Neonazismus war in Österreich nach 1945 streng verboten. Hingegen bemühten sich die Großparteien SPÖ und ÖVP schon früh um eine Eingliederung früherer NSDAP-Mitglieder. In der Sozialdemokratie spielte dabei der Bund Sozialistischer Akademiker (BSA) eine tragende Rolle.

Demgegenüber versuchte die „Oberweiser Konferenz“, 1949 ehemalige Nationalsozialisten für die Volkspartei zu gewinnen. Etwa 556.000 sogenannte Minderbelastete waren 1949 zu den Nationalratswahlen wieder wahlberechtigt. Neben den Großparteien warb vor allem der „Verband der Unabhängigen“ (VdU) um deren Stimmen. Dieser sah sich in der Tradition des deutschnationalen „Dritten Lagers“ und etablierte sich als Vorgängerpartei der FPÖ.

Schlussstrichmentalität kennzeichnete die Nachkriegszeit

Österreichs Juden blieben – ähnlich wie andere von den Nazis verfolgte Minderheiten, etwa die Roma – bei diesem nationalen Versöhnungsprozess hingegen außen vor. Schon bald machte sich eine parteiübergreifende Schlussstrichmentalität breit.

Dies galt auch für die Sozialdemokratie, in der viele säkularisierte österreichische Juden politische Karriere machten. Der populäre SPÖ-Bundeskanzler Bruno Kreisky entstammte selbst einer jüdischen Familie. Dennoch spielte er bei Bedarf mit antisemitischen Ressentiments.

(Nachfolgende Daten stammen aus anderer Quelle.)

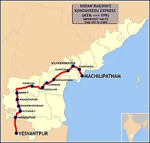 The 17211 / 17212 Kondaveedu Express train belonging to Indian Railways – South Coast Railway zone is a tri-weekly train that runs between Machilipatnam and Yesvantpur Junction in India. The train is named after the Kondaveedu Fort near Guntur City.

Als er 1970 eine Minderheitsregierung bildete, ließ Kreisky diese von der FPÖ unter Führung des ehemaligen Waffen-SS-Obersturmführers Friedrich Peter tolerieren. Gleich vier Minister seines Kabinetts hatten vor 1945 einer nationalsozialistischen Organisation angehört. Als der bekannte Wiener Architekt Simon Wiesenthal dies öffentlich kritisierte, warf Kreisky dessen Dokumentationszentrum „Mafiamethoden“ vor.

Antisemitismus lange Zeit auch Teil der Außenpolitik

Feindseligkeit gegenüber Juden kennzeichnete lange Zeit auch die Außenpolitik der Zweiten Republik. Zwar nahm Österreich bereits 1956 – ein Jahr nach dem Staatsvertrag – diplomatische Beziehungen zu Israel auf, Kreisky suchte jedoch den Schulterschluss mit Feinden des Staates Israel wie der PLO. In ähnlicher Weise verhielt sich auch Kurt Waldheim parteiisch gegen den jüdischen Staat, als dieser von 1972 bis 1981 als Generalsekretär der Vereinten Nationen amtierte.

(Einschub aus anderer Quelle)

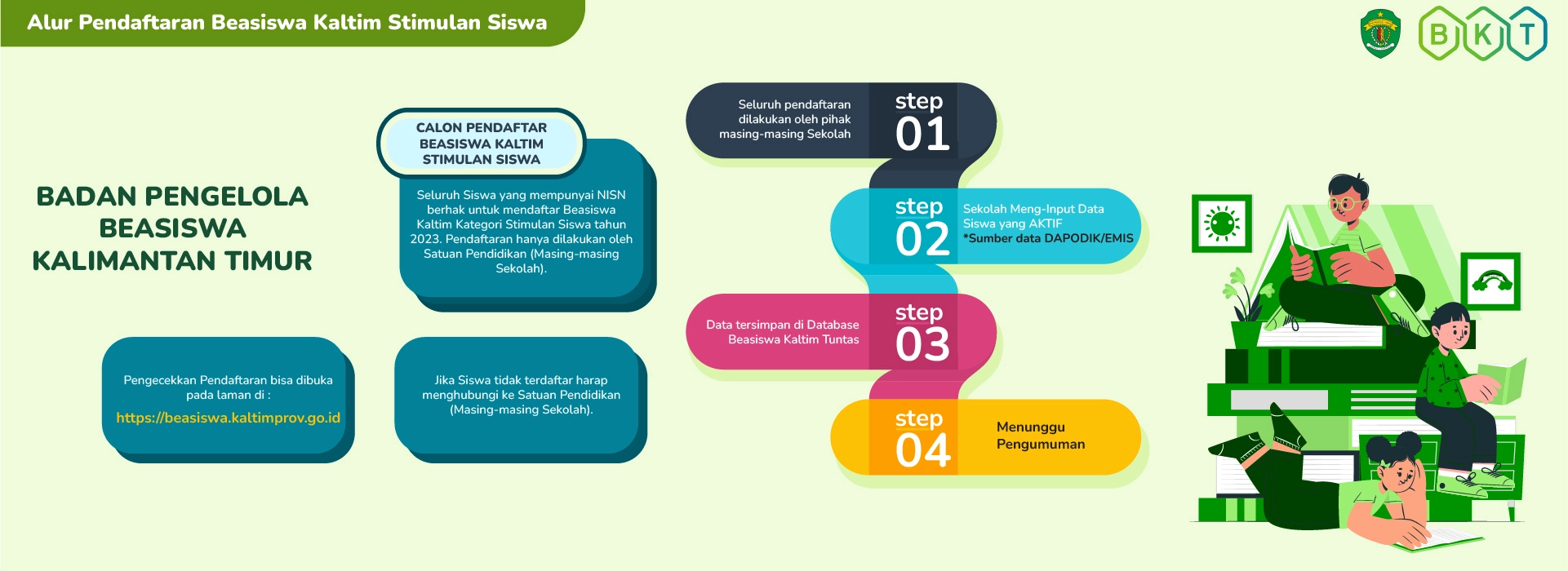 Dijelaskan, untuk pendaftaran dapat langsung masuk di laman BKT dengan alamat www. Beasiswa.Kaltimprov.go.id.

Die ÖVP stellte Waldheim 1986 als ihren Bundespräsidentschaftskandidaten auf. Als jüdische Organisationen Fragen zu dessen Rolle in der NS-Zeit aufwarfen, ging die Partei auf maximale Konfrontation. Sie spielte im Wahlkampf bewusst mit antisemitischen Stimmungen in der Bevölkerung. Mit Erfolg: Waldheim siegte in der Stichwahl.

Eine Wende in Bezug auf die Aufarbeitung der Vergangenheit und überkommenen Antisemitismus verbreitete sich in Österreich erst in den 1990er-Jahren. Bundeskanzler Franz Vranitzky und Waldheim-Nachfolger Thomas Klestil erkannten eine österreichische Mitverantwortung für den Holocaust an.

In der FPÖ bemühte sich HC Strache ab 2005, antisemitische Tendenzen in der Partei zurückzudrängen. Vertreter der jüdischen Gemeinden blieben jedoch skeptisch: Sie witterten in der veränderten Position zu Israel und dem Judentum eher den Versuch der Rechten, sich ein Alibi für Islamfeindlichkeit zu verschaffen.